Курт замирает на полуслове, поднимает глаза, следя за указывающей на что-то рукой командира, и жестом удивления взъерошивает волосы. Нелегкая - или наоборот, весёлая - судьба местного правителя тут же становится забытой.
Из-за деревьев на противоположной стороне площади проступают здания. Покосившиеся, кривые, местами перекрученные, как отжатое белье, они вызывают мысль о землетрясении. Даже издалека видно, какие большие трещины у них на фасадах. А стоит только пройти от памятника в их сторону метров пятьсот, как начинает чувствоваться, что пологий луг площади забирает вверх.
- Это похоже на эффект от ударной волны.
- И мы идем туда, Капитан? - недоверчиво спрашивает Курт.
- Мы идем прямо. Что означает - да, туда.
- Зачем?
- Боишься натереть мозоли?
Курт хмурится на что-то тёмное, виднеющееся в узких просветах между деревьями и домами.
- Мне кажется, что дальше совсем развалины. Что там делать? Что искать?
- Эхо войны, - говорит Капитан.
- А?
- Искать эхо войны. Бомбу. То, что сбросили на этот город.
- С чего ты так уверен, что где-то там лежит бомба? Может, город повредило землетрясение. И гораздо позже, чем он умер или его покинули выжившие.
- На сейсмоопасном участке бы не стали разворачивать площадь и тем более строить высотки.
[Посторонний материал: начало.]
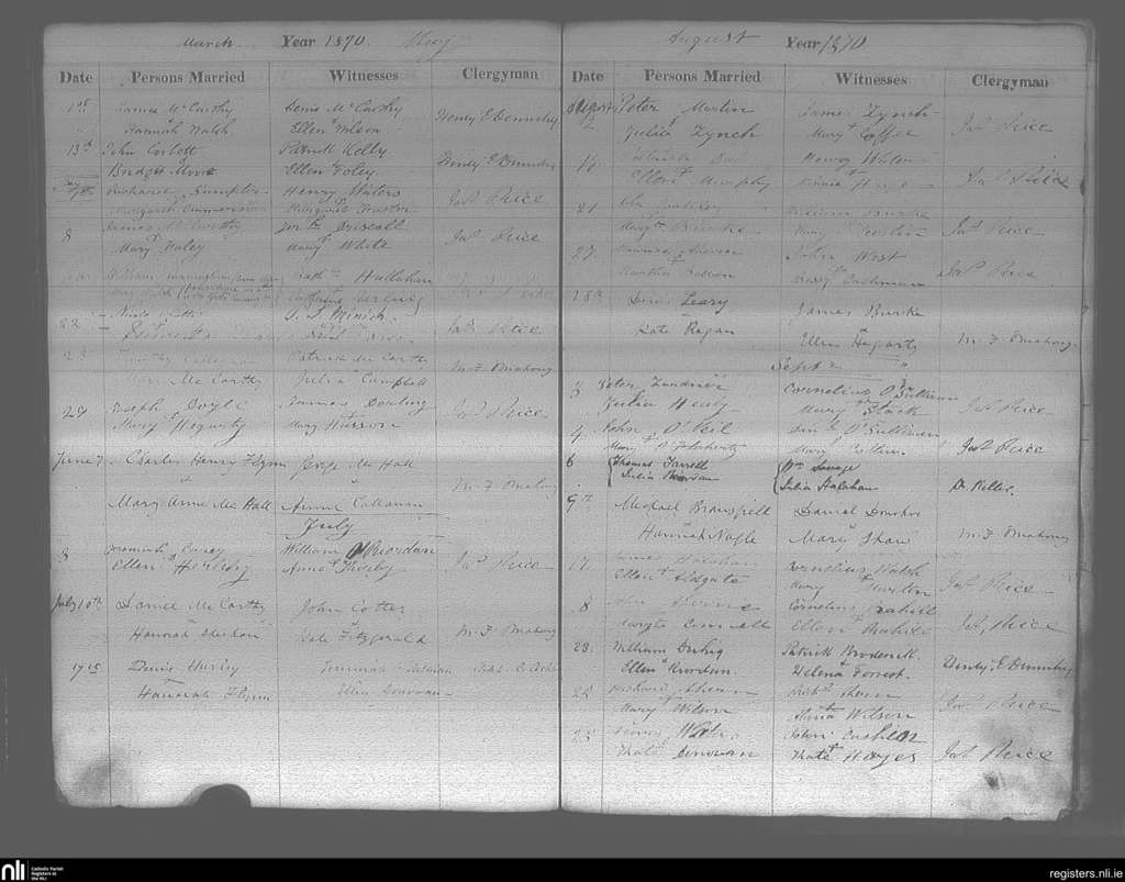 Cobh; County of Cork; Diocese of Cloyne. Marriages, Mar. 1870 to Sep. 1870

Не стали бы вообще строить такой крупный город, потому что здесь равнины, а не острова, место выбирай - сколько хочешь…
- Без знаний о тектонической подвижности и прочих процессах в планетарной коре все эти рассуждения - просто пшик.
- Хватит умничать, - обрывает их Четвёртая. - Если там последствия землетрясения - ерунда. Но, если там бомба, то там и та дрянь, которая всех убила. Надо ли нам идти смотреть на неё? Ей дышать?
Капитан мнёт ботинком траву. Они уже подошли к искалеченным домам достаточно близко, чтобы можно было почувствовать, какая здесь потрескавшаяся, неровная почва.
- Блокада молчит, - наконец отвечает он. - Фон в норме, химических загрязнений нет. Если только что-то незарегистрированное, тогда да, нехорошо получится. Но так рискуют все. Все и всегда, обычное дело.
- Чувствую, мы обязательно притащим домой какую-нибудь дрянь. Тоже неучтённую…
- Не хочу в лазарет, - вздыхает Лучик.
- Каждая группа хоть раз да притаскивала, даже из кратковременных рейдов. А мы здесь уже полдня. Вдохнули и впитали всё, что было, даже если ничего и не было. Карантин нас ждет стопроцентно, а вот интерес, будучи не утолён, потом больно ездит по совести вкупе с невыполненными обязанностями исследователя-первопроходца…
- Кэп, - удивляется Курт. - На тебя это совсем не похоже. Ты здоров?
Он тянет руку, чтобы шутливо пощупать чужой лоб. Капитан досадливо уклоняется.
- Я старею, - ворчливо бросает он. - И постепенно становлюсь легкомысленен. Маразм у каждого свой. Неужели вы этим не воспользуетесь?
Курт пожимает плечами.
- Тогда я, чур, первый.
Канцлеру он сначала не особо понравился.
- Вы, юноша, слишком себе на уме. Хмуритесь, думаете. И всё молчком. Ваш отец в вашем возрасте держался намного проще. Мы с ним были на одном потоке, хоть и факультеты разные…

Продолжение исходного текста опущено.